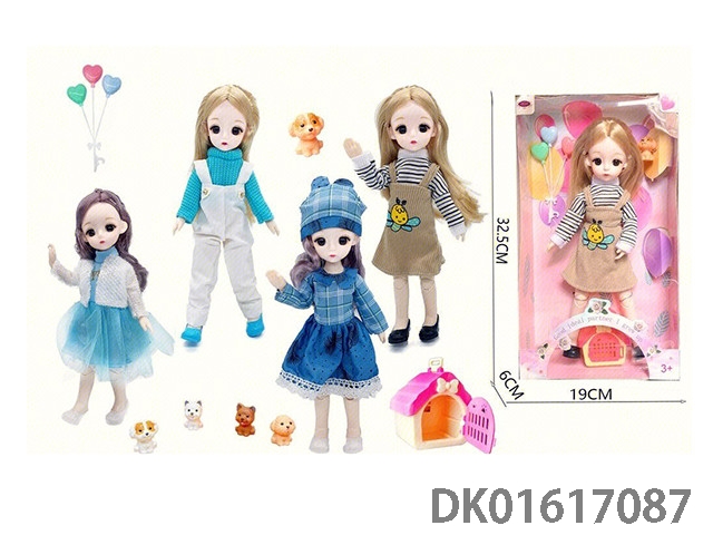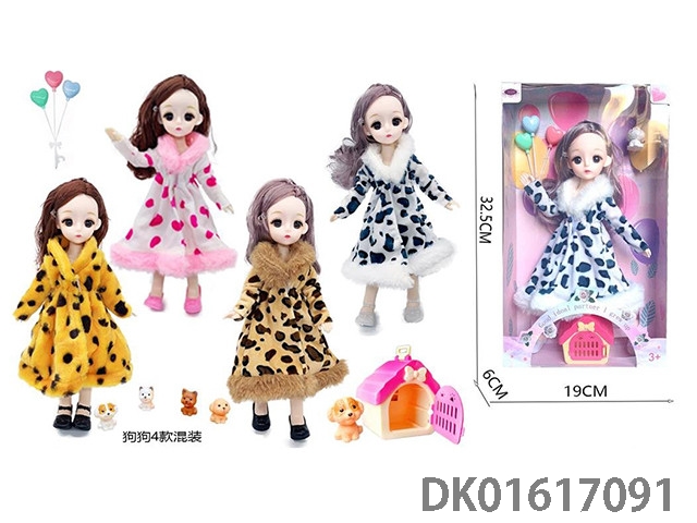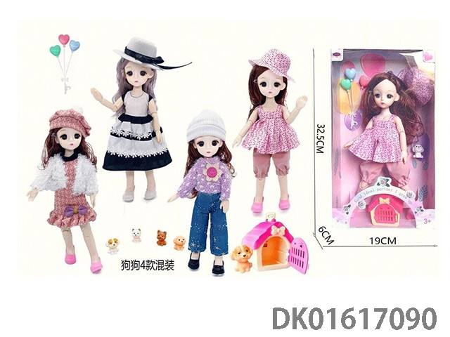 12寸30厘米4款混装3D真眼活动关节高品质bjd时尚娃娃+气球+宠物狗+狗笼
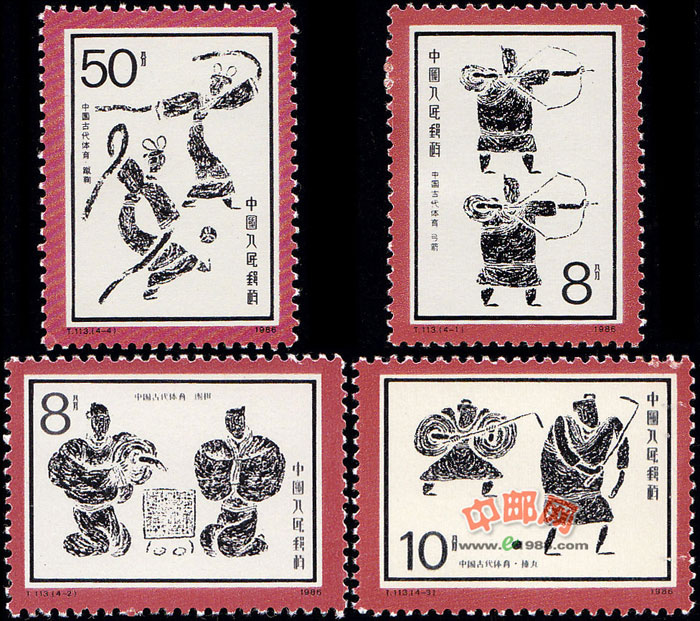 这套邮票的画法吸取了中国古代画像砖拓片艺术,古朴、自然。整个画面的色彩,简单而富有装饰感。人物造型夸张变形,为整套邮票古朴、抒情而富于装饰的意韵定下了一个基调。主体部分单一黑色,模仿汉画石中的阳刻法拓片效果,人物和边框的绘制追求一种古朴的残缺美。使票面具有一种比较强烈的古意,突出了古代的体育的主题。
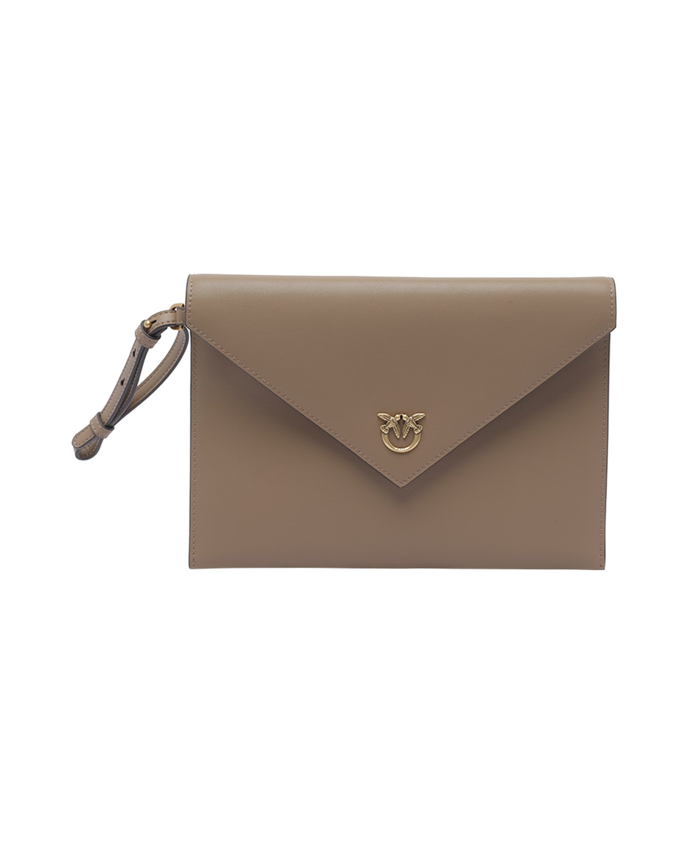 Pinko beige Love Birds flat pochette, clip closure, inner zipped pocket, wrist strap, frontal mini logo

· · ·

Both the line containing "这套邮票的画法吸取了中国古代" and the last line of the listing above belong in the copy, along with every line between them; retype them exactly and omit the pictures.

[YOUR SOLUTION]
 这套邮票的画法吸取了中国古代画像砖拓片艺术,古朴、自然。整个画面的色彩,简单而富有装饰感。人物造型夸张变形,为整套邮票古朴、抒情而富于装饰的意韵定下了一个基调。主体部分单一黑色,模仿汉画石中的阳刻法拓片效果,人物和边框的绘制追求一种古朴的残缺美。使票面具有一种比较强烈的古意,突出了古代的体育的主题。
 Pinko beige Love Birds flat pochette, clip closure, inner zipped pocket, wrist strap, frontal mini logo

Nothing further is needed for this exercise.